Steamboat and Steamship

A steamboat is a ship that uses a steam engine or steam turbine to propel itself.

The Belle of Louisville. By Bo

The first steamboats were paddle steamboats. Some had a paddle wheel on the back. Others had two wheels on the sides.

The first steam-powered ship was a paddle steamer named Pyroscaphe built in France in 1783 by Marquis Claude de Jouffroy. It was powered by a Newcomen steam engine. At its first demonstration on July 15, 1783, Pyroscaphe traveled upstream on the River Saône for some fifteen minutes before the engine failed.

The first reliably-working steamboat was a paddle steamer built by John Fitch. A successful trial run of his steamboat. Perseverance, was made on the Delaware River on August 22, 1787.

The following year, Fitch began operating a regular commercial service along the Delaware River between Philadelphia and Burlington, New Jersey, carrying as many as 30 passengers. The Perseverance was not a commercial success, as this travel route was adequately covered by relatively good wagon roads.

Model of the "Perseverance" By Dr. Karl-Heinz Hochhaus

Britain's first practical steamboat was a tug, the Charlotte Dundas, designed by William Symington (1763–1831). It was first used in 1802 on the Forth-Clyde canal in Scotland.

Robert Fulton's North River Steamboat left New York City for Albany, New York on the Hudson River on August 17, 1807, inaugurating the first commercial steamboat service in the world. Fulton's steamboat could travel from New York City to Albany in 32 hours and was the first steam-powered passenger marine vehicle that could make money.
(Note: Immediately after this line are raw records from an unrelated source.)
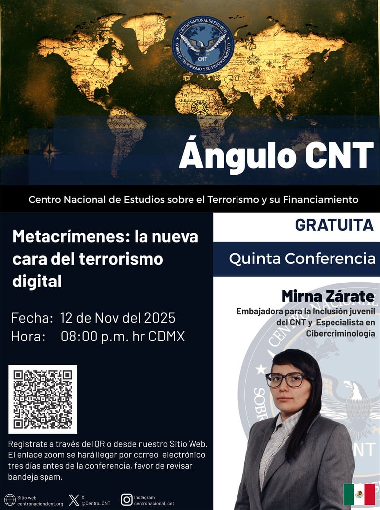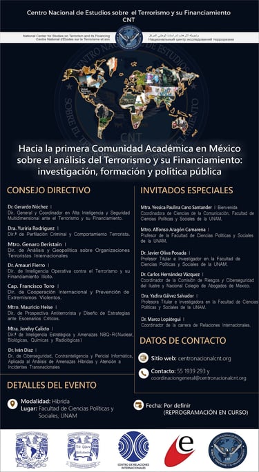 El Centro Nacional de Estudios sobre el Terrorismo y su Financiamiento (CNT) informa a su comunidad académica, aliados y participantes registrados que, debido a la suspensión de actividades académicas en la Facultad de Ciencias Políticas y Sociales de la UNAM, el evento programado para el 7 de octubre de 2025 será reprogramado.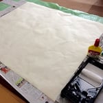 木工用ボンドを水で溶かしてローラーを使ってのばしていきます。
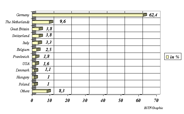 Traditionally, the vast majority of tourists come from Germany - in 2002 they accounted for approx. 53,52 million overnight-stays (around 62.4% of the total and +/- 2% var.):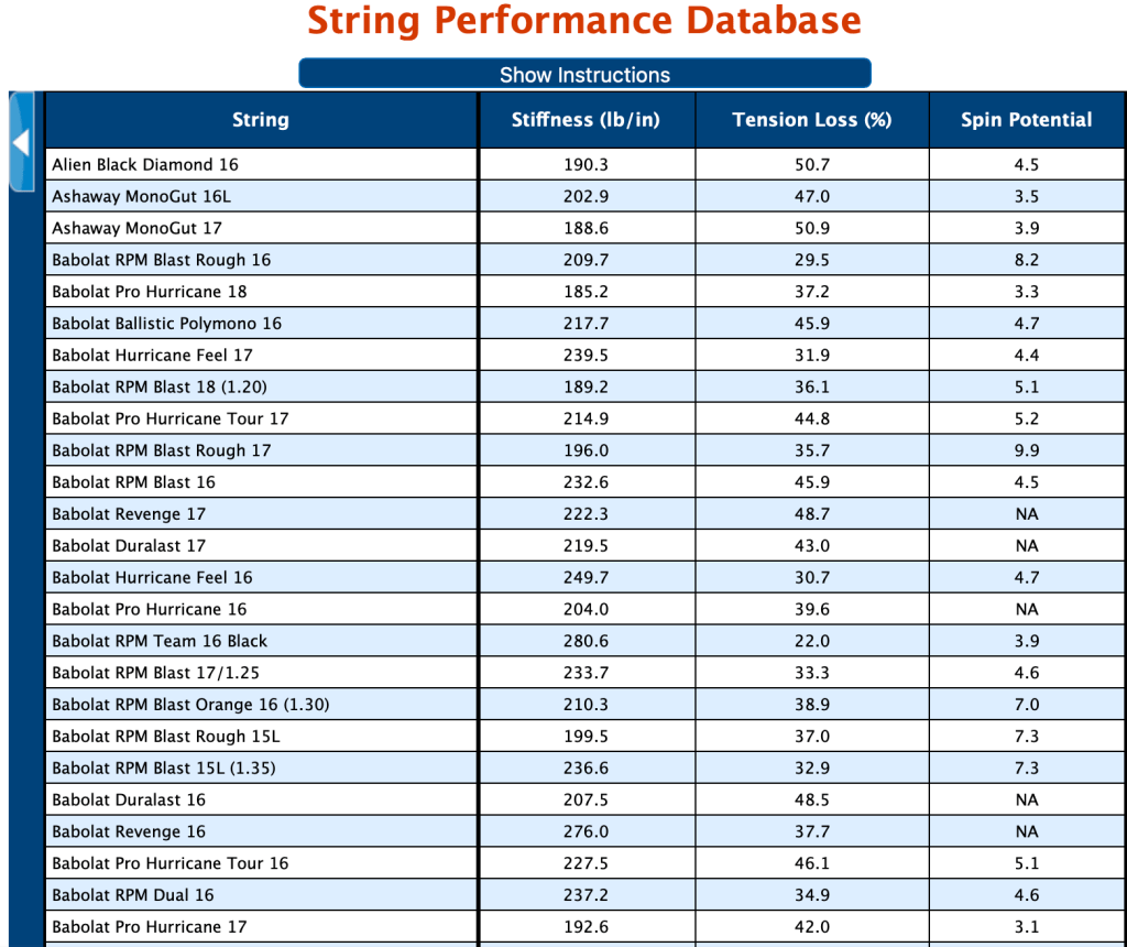 Tennis Warehouse maintains a string testing database. It provides invaluable information about strings. You can access the database here: https://twu.tennis-warehouse.com/learning_center/index.php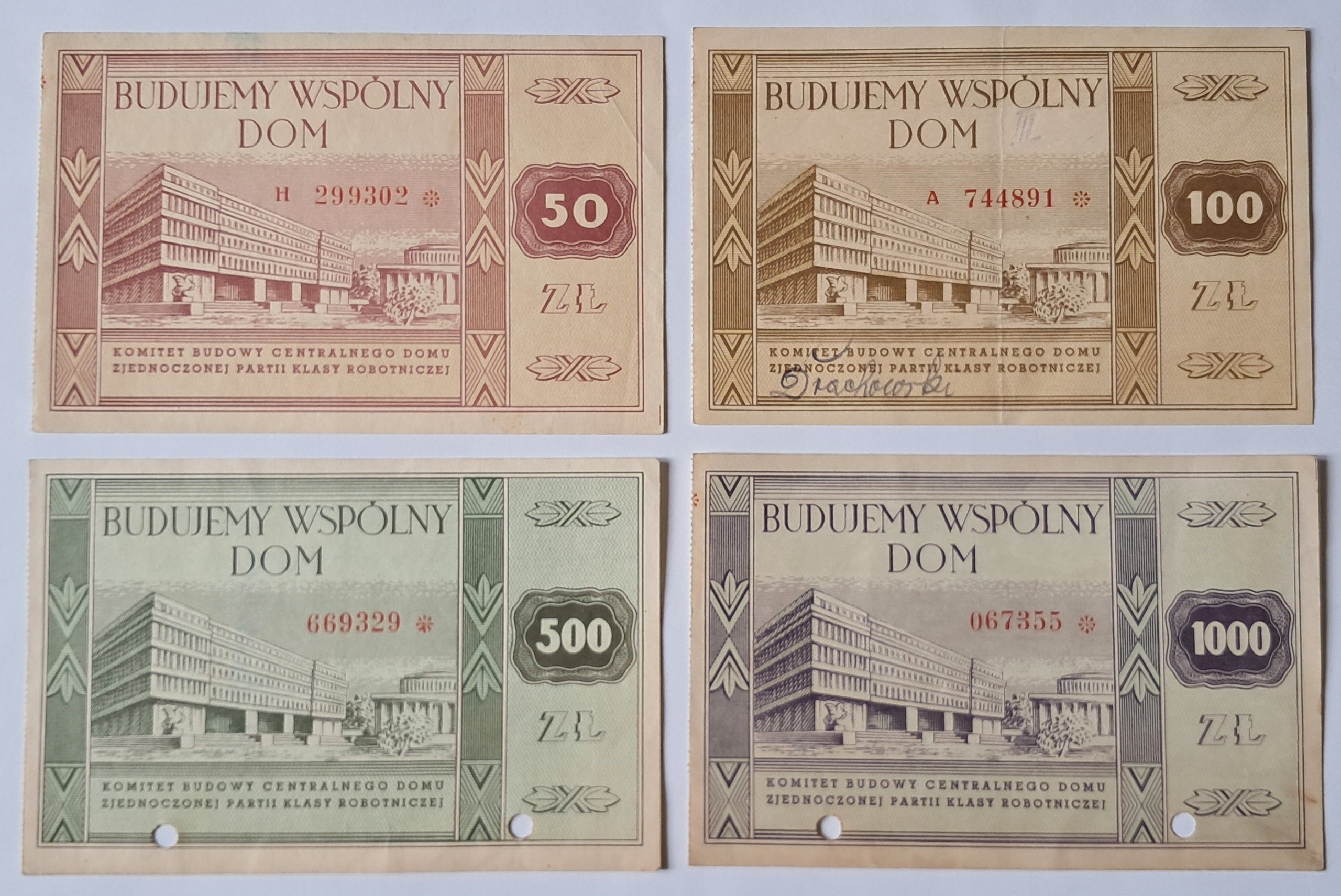 Zestaw Cegiełek Budujemy Wspólny Dom PZPR 50 100 500 1000 zł

The 1909 replica of the North River Steamboat

The first passenger-carrying steamboat in Europe was the Comet, designed by the Scottish engineer Henry Bell (1767-1830), which was launched in 1812 on the River Clyde. The steamboat, named after a celebrated comet of that time, was of 30 tons burthen, with an engine of three horsepower. Bell initially advertised a three times a week passenger service travelling between Glasgow, Greenock and Helensburgh. Soon afterwards the journey was extended to Oban and Fort-William, the entire voyage taking four days.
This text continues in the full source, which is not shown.